> EXERCISE OBJECTIVE:
The copy should hold exactly the lines below from the one that contains "Nombre o palabras:Gemstone" through the one that contains "Для отделки колонны" and nothing else, so no pictures.

DATA TO PROCESS section start

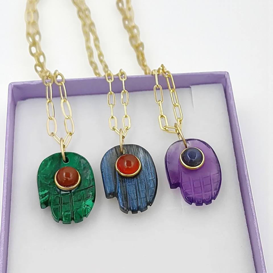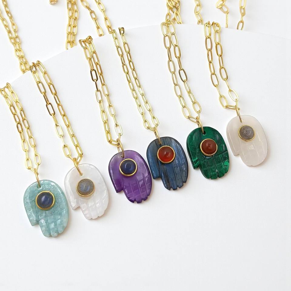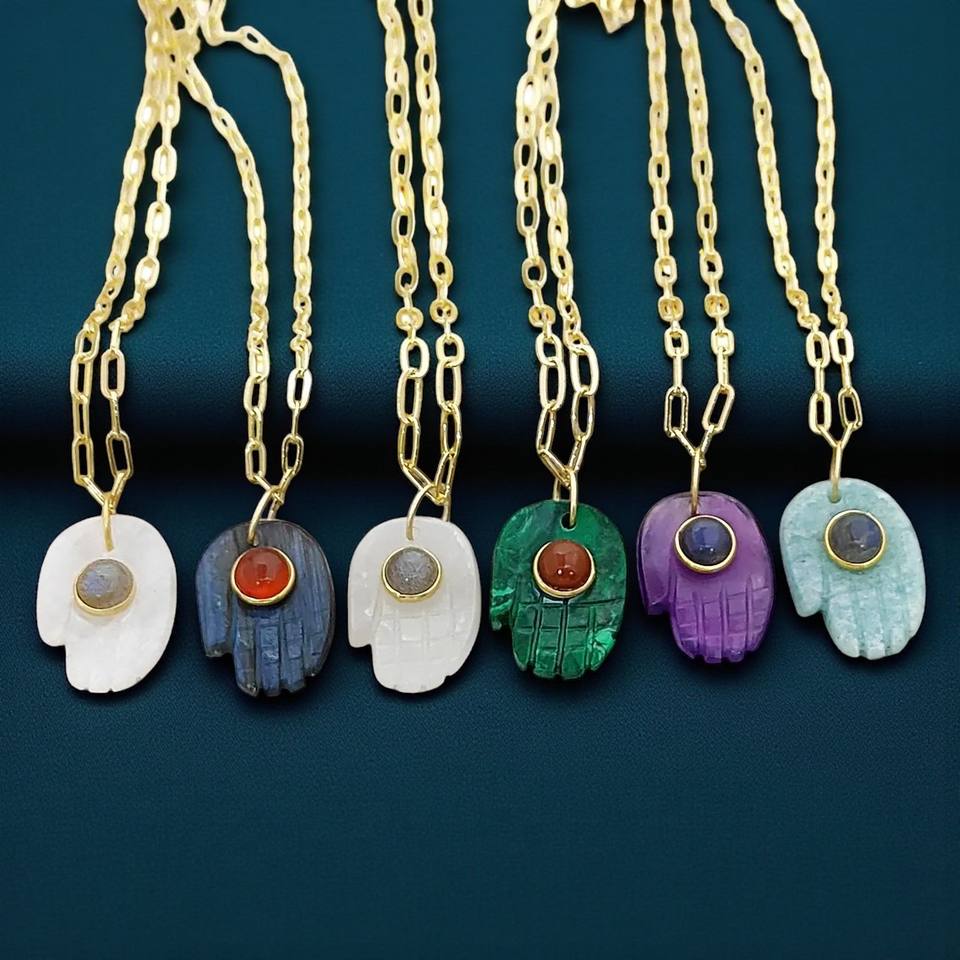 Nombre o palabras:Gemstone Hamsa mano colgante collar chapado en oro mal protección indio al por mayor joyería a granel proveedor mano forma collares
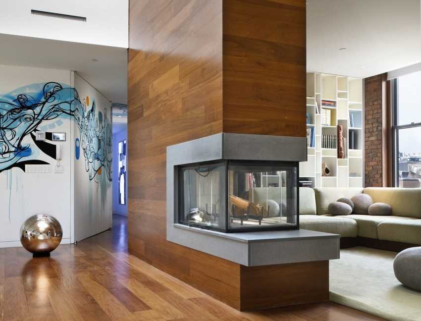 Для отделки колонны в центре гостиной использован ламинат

DATA TO PROCESS section end
DATA TO PROCESS section start

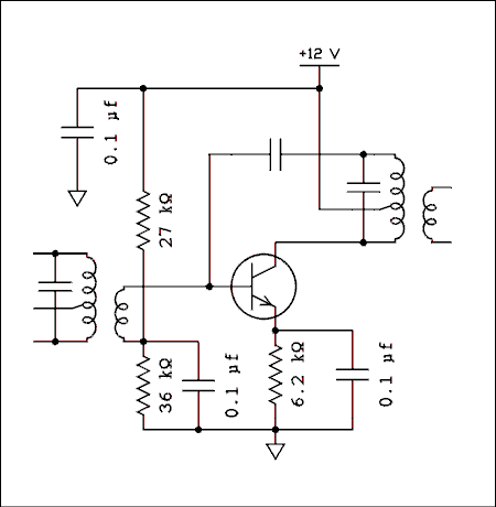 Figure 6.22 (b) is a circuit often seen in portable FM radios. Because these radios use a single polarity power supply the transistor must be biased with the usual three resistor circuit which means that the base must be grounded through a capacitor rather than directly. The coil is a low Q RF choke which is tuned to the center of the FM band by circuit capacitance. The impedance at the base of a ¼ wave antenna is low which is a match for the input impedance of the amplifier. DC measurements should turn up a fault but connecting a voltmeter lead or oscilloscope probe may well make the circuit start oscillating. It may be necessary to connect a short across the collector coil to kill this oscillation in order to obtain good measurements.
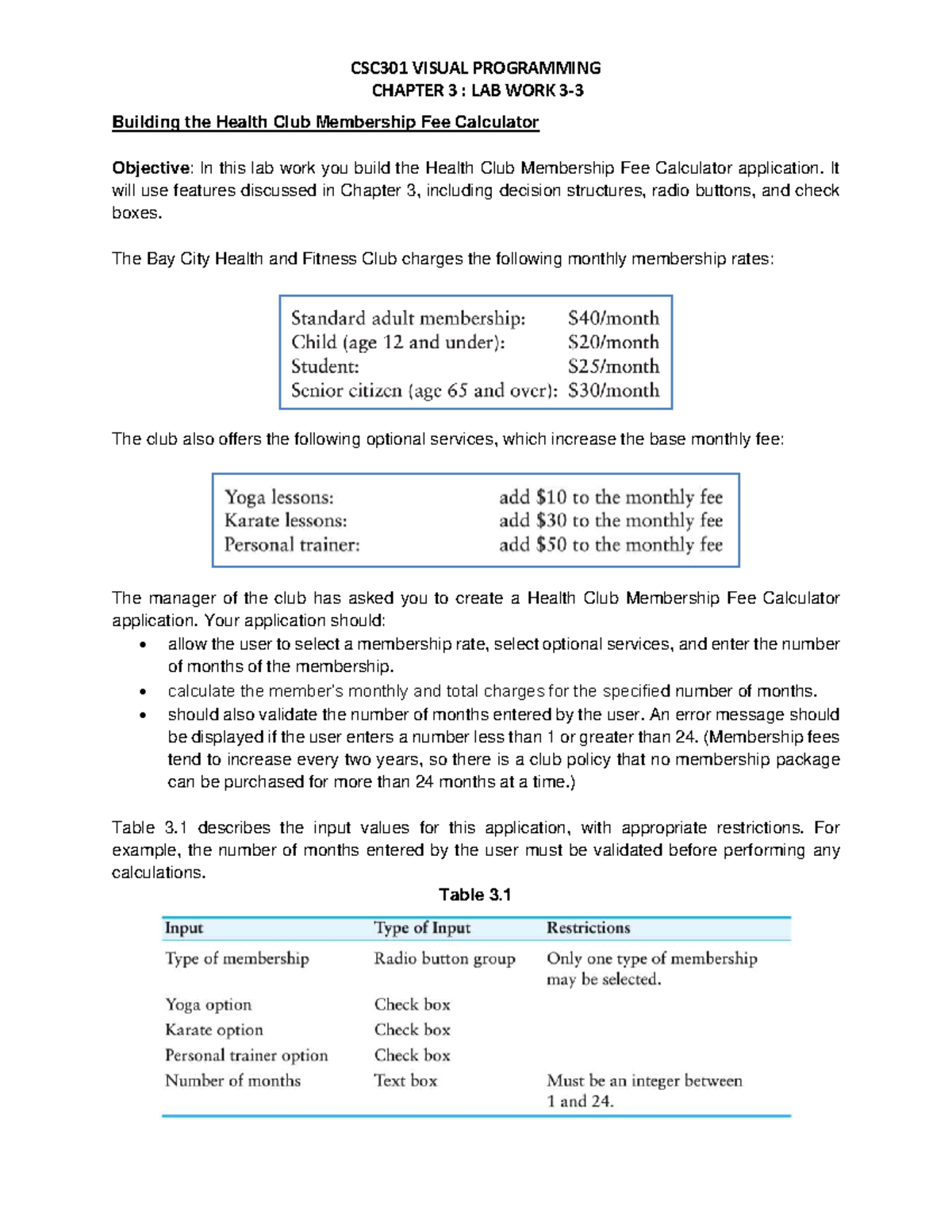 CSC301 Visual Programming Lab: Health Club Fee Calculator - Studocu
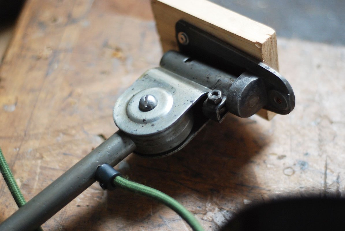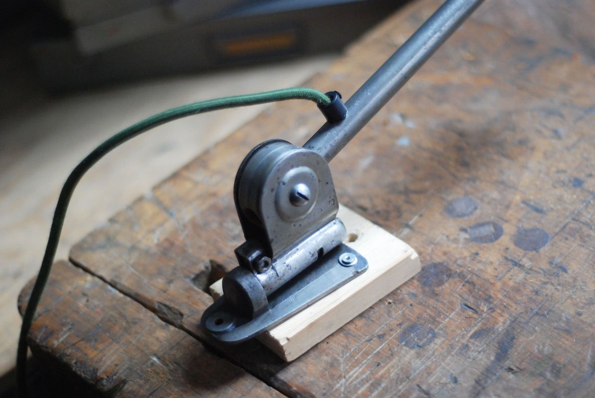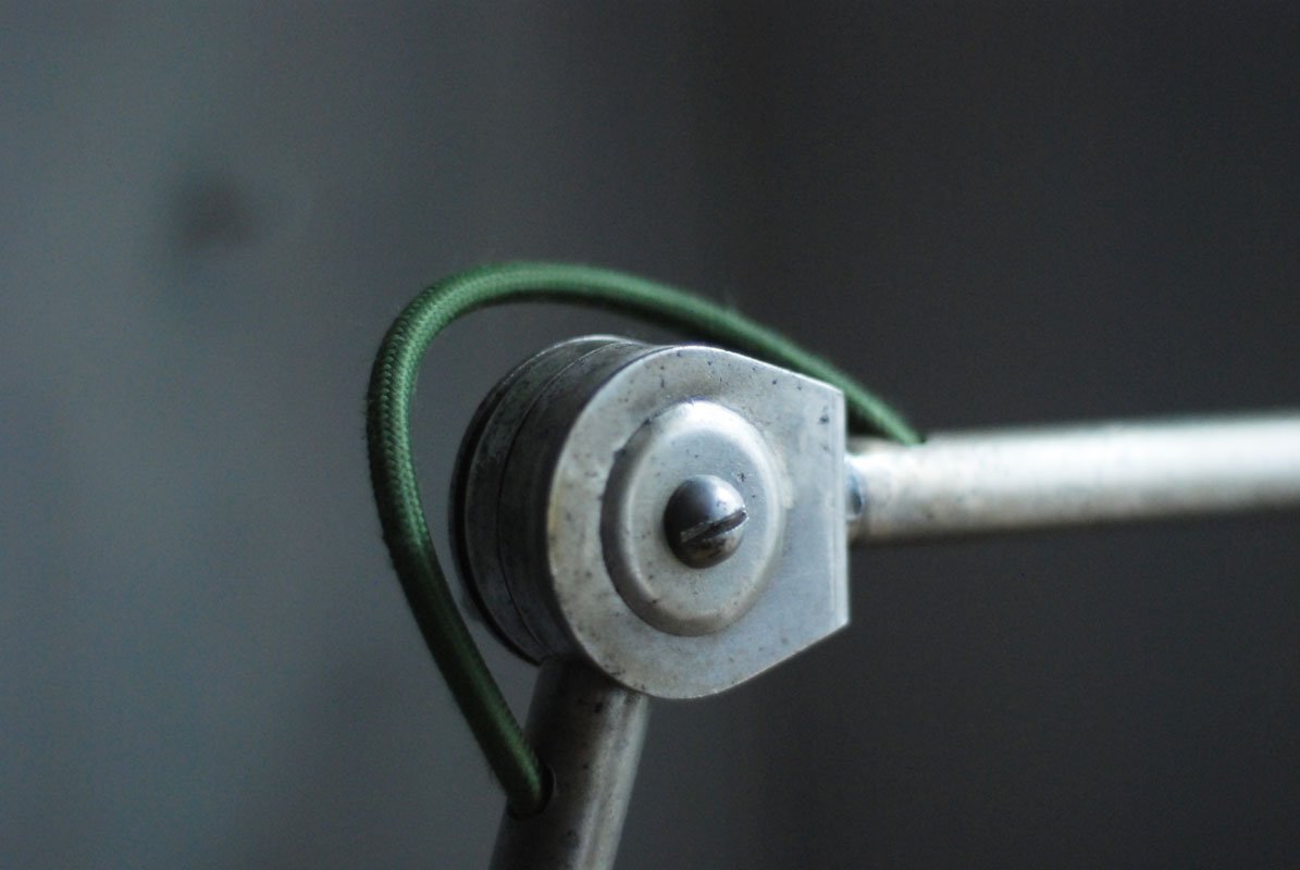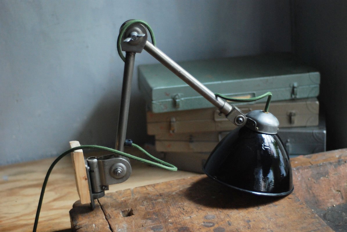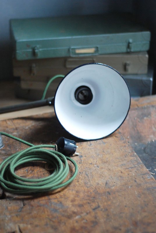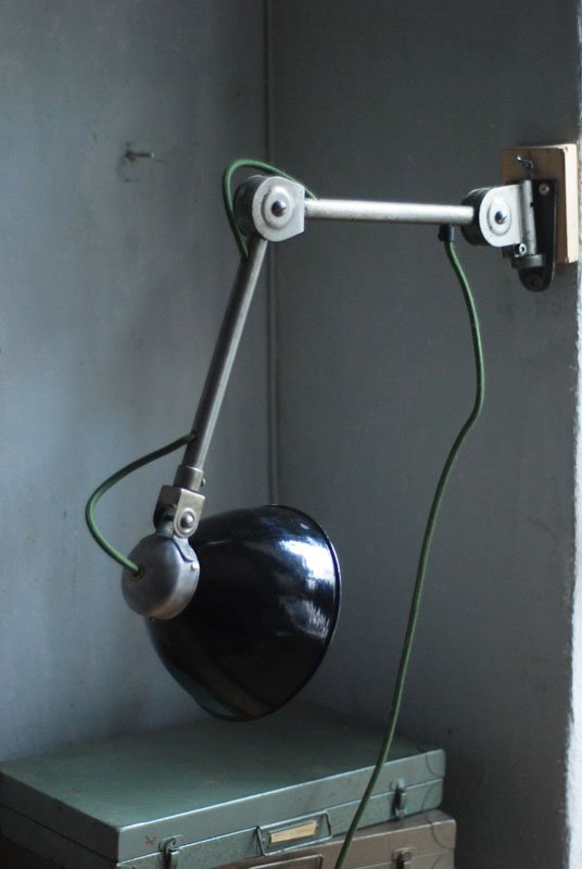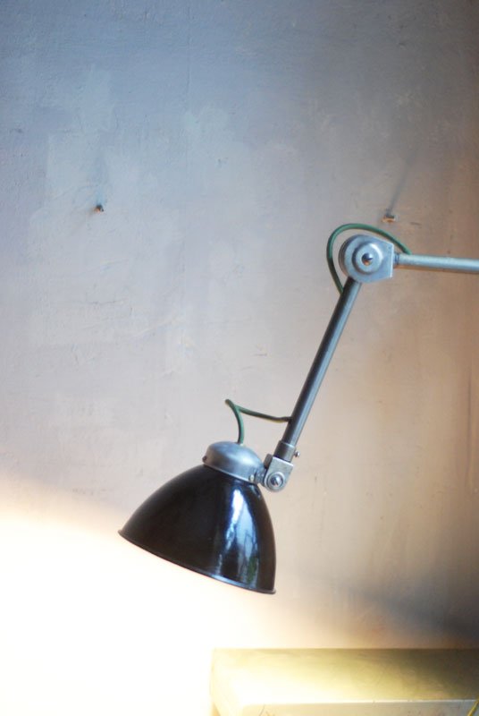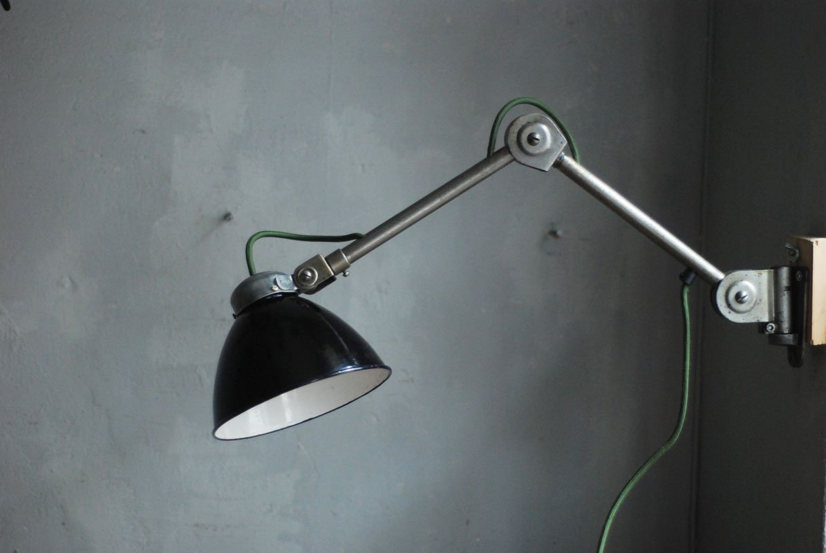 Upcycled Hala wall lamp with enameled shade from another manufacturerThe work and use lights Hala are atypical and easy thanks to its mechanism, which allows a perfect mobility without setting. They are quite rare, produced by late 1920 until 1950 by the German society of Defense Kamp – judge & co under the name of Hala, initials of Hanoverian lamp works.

DATA TO PROCESS section end

> WRITTEN REPLY:
 Nombre o palabras:Gemstone Hamsa mano colgante collar chapado en oro mal protección indio al por mayor joyería a granel proveedor mano forma collares
 Для отделки колонны в центре гостиной использован ламинат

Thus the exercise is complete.